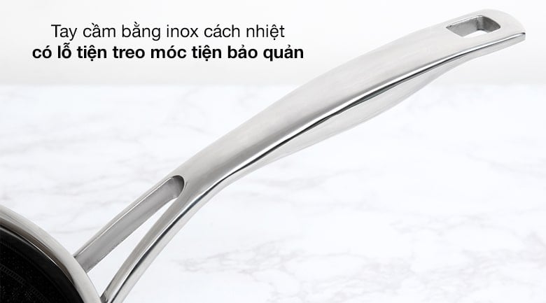 Tay cầm bằng inox cách nhiệt có lỗ tiện treo móc. Khối lượng 1.3 kg di chuyển chảo chắc tay
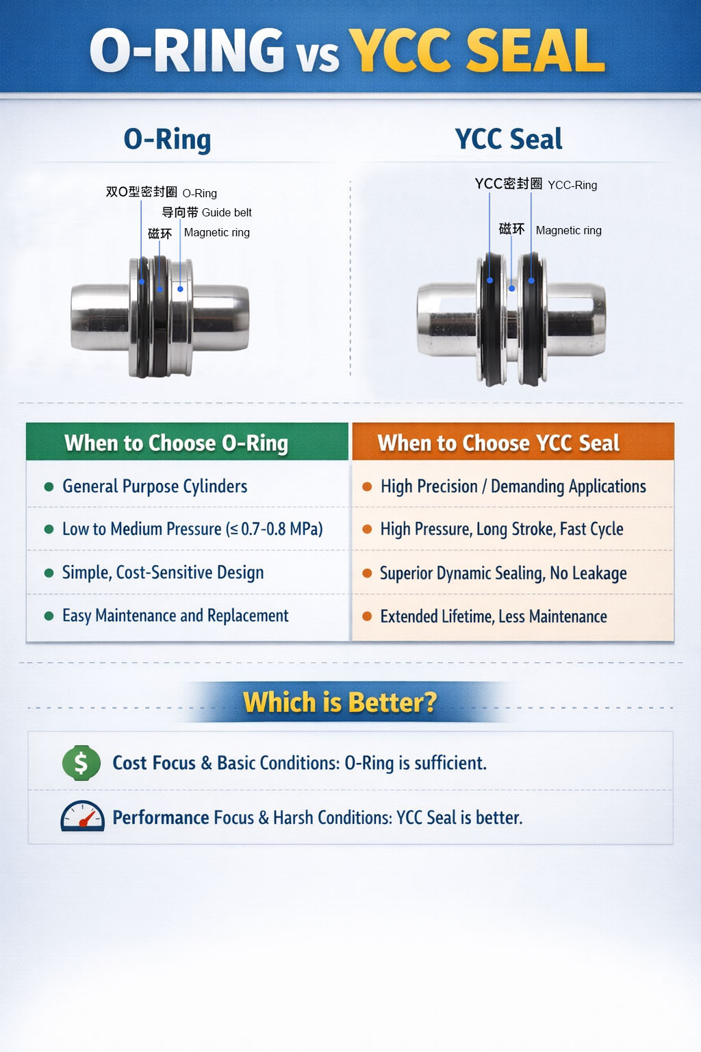 W porównaniu z tradycyjnymi pierścieniami typu O-ring, uszczelka YCC zapewnia lepsze uszczelnienie dynamiczne i odporność na zużycie, dzięki czemu cylinder może utrzymać niezawodne działanie przy zmianach ciśnienia i powtarzających się cyklach. To znacznie zmniejsza wczesne wycieki i wydłuża okresy międzyobsługowe.
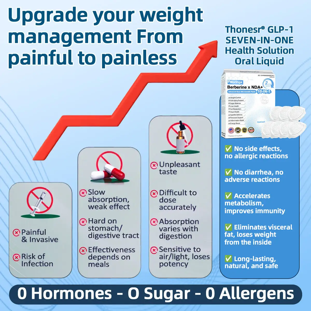 โ Easy Absorption: This formula uses an advanced nano microneedle patch delivery system. Combined with highly active ingredients such as berberine, it delivers key nutrients transdermally into the body, bypassing the digestive system and reducing gastrointestinal burden. The patch provides gentle, steady release for a more comfortable experience, making it especially suitable for individuals with sensitive digestion and those who prefer to avoid injectable weight-loss methods.
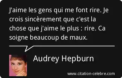 J'aime les gens qui me font rire. Je crois sincèrement que c'est la chose que j'aime le plus : rire. Ca soigne beaucoup de maux.

**Activity**: Drop the pictures, then repeat the material word for word.

**Answer space**:
 Tay cầm bằng inox cách nhiệt có lỗ tiện treo móc. Khối lượng 1.3 kg di chuyển chảo chắc tay
 W porównaniu z tradycyjnymi pierścieniami typu O-ring, uszczelka YCC zapewnia lepsze uszczelnienie dynamiczne i odporność na zużycie, dzięki czemu cylinder może utrzymać niezawodne działanie przy zmianach ciśnienia i powtarzających się cyklach. To znacznie zmniejsza wczesne wycieki i wydłuża okresy międzyobsługowe.
 โ Easy Absorption: This formula uses an advanced nano microneedle patch delivery system. Combined with highly active ingredients such as berberine, it delivers key nutrients transdermally into the body, bypassing the digestive system and reducing gastrointestinal burden. The patch provides gentle, steady release for a more comfortable experience, making it especially suitable for individuals with sensitive digestion and those who prefer to avoid injectable weight-loss methods.
 J'aime les gens qui me font rire. Je crois sincèrement que c'est la chose que j'aime le plus : rire. Ca soigne beaucoup de maux.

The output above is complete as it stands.